**PROBLEM TO WORK ON:**
Your output should be the lines below from the one with "Una pieza delicada" through the one with "Ciclo Escolar 2025-2026.", copied exactly, pictures excluded.

**DATA SECTION:**
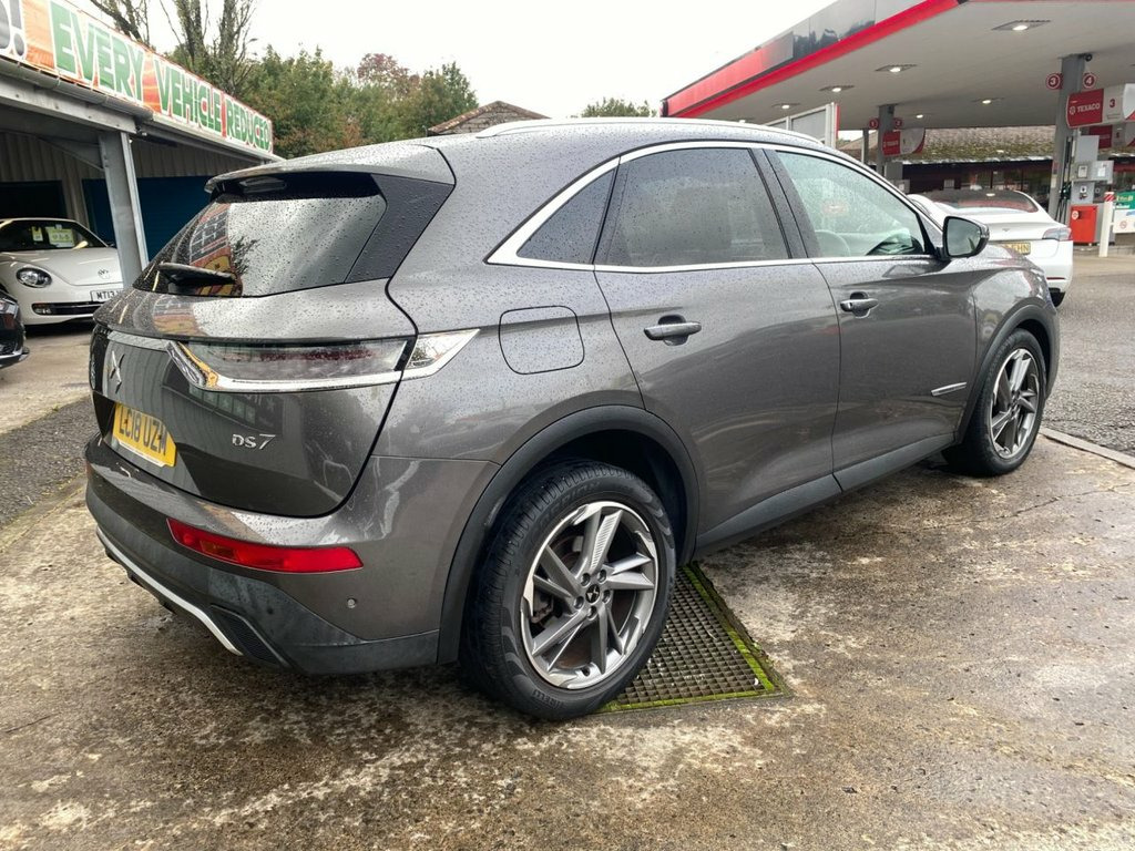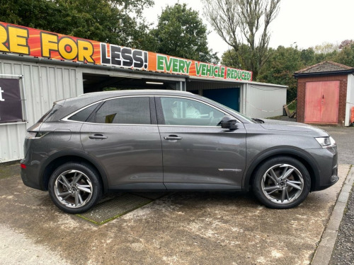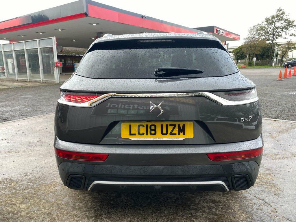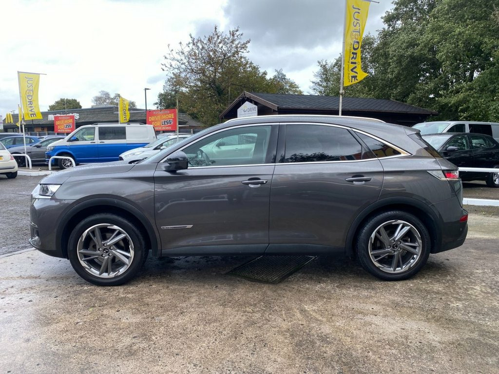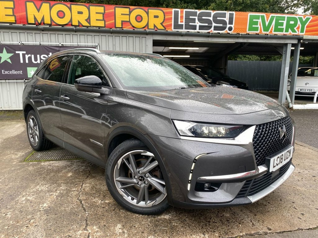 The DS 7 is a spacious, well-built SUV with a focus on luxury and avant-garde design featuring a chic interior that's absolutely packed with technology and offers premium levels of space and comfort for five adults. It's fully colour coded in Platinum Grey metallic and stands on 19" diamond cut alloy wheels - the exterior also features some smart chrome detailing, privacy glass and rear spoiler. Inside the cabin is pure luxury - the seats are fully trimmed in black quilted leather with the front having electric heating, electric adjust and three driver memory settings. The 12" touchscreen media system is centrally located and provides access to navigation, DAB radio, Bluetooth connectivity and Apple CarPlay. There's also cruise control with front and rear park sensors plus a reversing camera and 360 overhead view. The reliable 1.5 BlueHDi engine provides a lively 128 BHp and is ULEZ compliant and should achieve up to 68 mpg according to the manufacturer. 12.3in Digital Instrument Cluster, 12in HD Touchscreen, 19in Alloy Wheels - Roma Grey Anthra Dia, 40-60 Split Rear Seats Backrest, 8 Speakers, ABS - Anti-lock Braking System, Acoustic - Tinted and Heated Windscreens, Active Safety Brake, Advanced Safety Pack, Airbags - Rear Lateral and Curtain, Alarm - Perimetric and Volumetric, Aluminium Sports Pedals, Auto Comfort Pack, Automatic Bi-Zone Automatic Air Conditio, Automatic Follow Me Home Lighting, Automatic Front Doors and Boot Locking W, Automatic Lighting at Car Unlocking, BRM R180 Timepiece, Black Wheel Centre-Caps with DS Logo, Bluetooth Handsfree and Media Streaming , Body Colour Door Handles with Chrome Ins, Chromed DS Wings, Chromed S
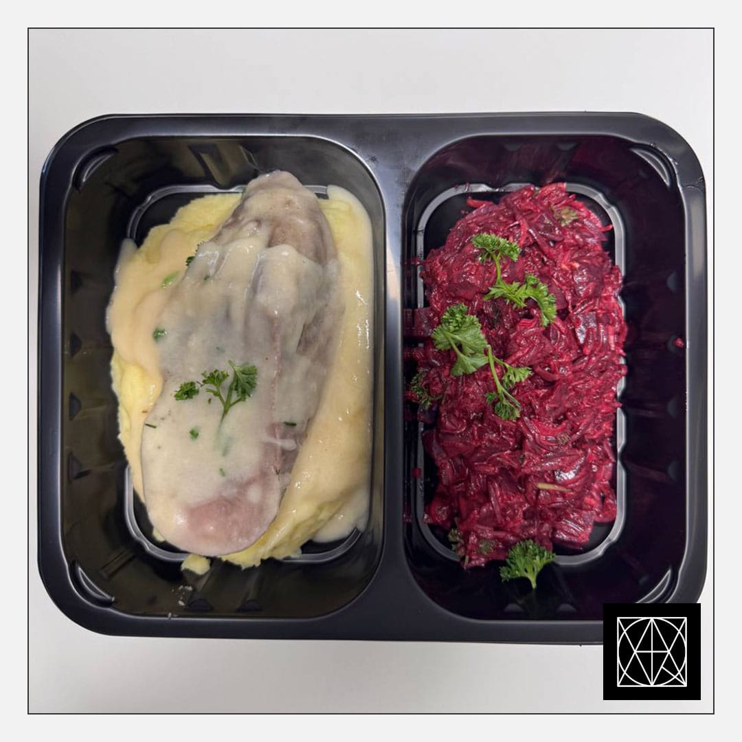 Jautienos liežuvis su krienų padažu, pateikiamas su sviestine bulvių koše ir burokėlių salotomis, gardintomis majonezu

--

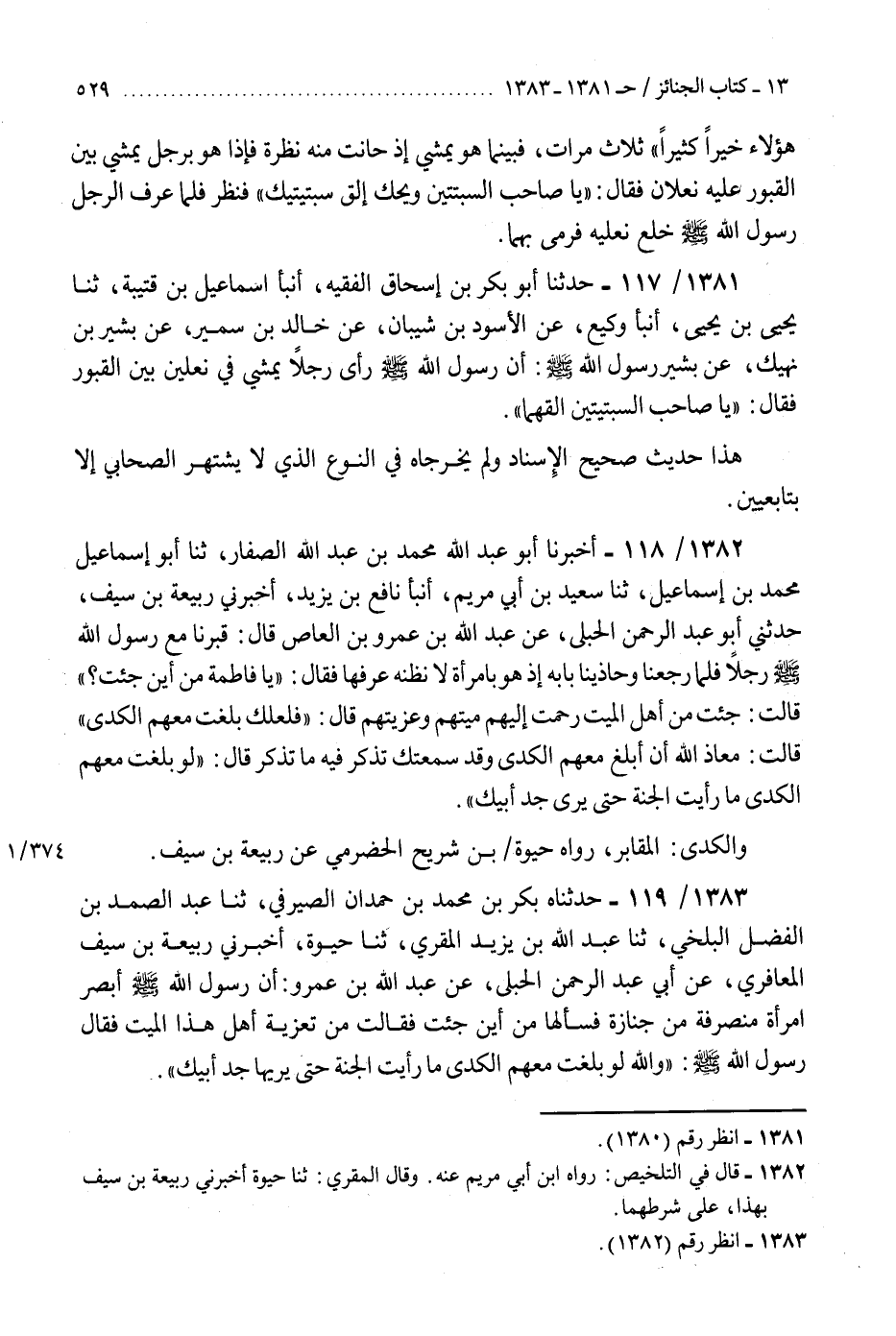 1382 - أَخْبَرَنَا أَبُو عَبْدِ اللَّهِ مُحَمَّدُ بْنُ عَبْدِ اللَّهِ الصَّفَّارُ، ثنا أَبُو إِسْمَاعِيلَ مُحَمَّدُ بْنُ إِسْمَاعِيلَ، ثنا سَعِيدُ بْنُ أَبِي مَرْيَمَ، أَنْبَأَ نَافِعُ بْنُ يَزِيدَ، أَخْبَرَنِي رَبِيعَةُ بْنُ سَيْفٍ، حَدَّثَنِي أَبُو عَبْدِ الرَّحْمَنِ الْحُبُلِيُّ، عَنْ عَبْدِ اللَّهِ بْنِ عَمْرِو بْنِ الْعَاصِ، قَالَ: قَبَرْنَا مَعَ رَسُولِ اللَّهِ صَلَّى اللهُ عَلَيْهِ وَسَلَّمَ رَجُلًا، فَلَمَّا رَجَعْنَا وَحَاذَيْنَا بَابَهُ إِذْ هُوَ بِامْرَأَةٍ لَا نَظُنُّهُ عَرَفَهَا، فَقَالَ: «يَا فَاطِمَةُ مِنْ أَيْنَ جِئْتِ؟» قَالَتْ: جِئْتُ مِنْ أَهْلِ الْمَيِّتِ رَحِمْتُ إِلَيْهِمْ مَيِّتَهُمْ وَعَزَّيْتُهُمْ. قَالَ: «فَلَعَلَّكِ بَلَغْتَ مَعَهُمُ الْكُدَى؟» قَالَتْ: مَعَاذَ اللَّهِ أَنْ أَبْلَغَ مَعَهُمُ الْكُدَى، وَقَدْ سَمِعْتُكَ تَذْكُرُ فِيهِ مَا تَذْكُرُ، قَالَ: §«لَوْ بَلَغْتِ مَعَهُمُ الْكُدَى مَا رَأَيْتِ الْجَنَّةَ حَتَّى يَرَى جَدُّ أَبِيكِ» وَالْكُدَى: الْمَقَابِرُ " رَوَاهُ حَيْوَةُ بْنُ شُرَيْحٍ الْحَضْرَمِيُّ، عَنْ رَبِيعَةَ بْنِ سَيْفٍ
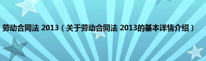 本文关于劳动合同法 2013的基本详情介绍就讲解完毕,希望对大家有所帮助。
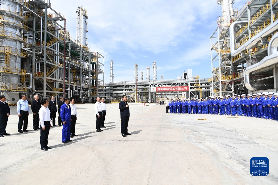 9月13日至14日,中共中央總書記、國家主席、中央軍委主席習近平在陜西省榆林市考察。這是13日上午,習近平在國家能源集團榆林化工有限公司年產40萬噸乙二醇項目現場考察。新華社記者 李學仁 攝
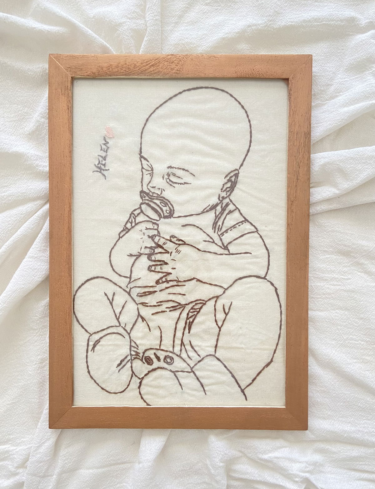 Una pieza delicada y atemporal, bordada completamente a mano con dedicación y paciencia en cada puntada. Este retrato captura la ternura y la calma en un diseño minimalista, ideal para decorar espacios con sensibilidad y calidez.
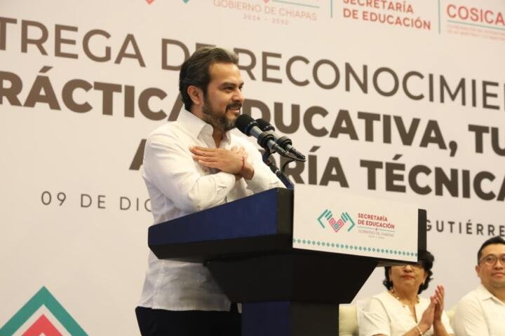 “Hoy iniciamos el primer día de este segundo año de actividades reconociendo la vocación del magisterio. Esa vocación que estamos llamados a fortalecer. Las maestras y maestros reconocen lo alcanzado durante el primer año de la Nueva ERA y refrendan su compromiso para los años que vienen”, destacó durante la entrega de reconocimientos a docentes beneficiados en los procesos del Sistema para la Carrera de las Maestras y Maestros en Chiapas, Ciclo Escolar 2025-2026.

**THE ANSWER:**
 Una pieza delicada y atemporal, bordada completamente a mano con dedicación y paciencia en cada puntada. Este retrato captura la ternura y la calma en un diseño minimalista, ideal para decorar espacios con sensibilidad y calidez.
 “Hoy iniciamos el primer día de este segundo año de actividades reconociendo la vocación del magisterio. Esa vocación que estamos llamados a fortalecer. Las maestras y maestros reconocen lo alcanzado durante el primer año de la Nueva ERA y refrendan su compromiso para los años que vienen”, destacó durante la entrega de reconocimientos a docentes beneficiados en los procesos del Sistema para la Carrera de las Maestras y Maestros en Chiapas, Ciclo Escolar 2025-2026.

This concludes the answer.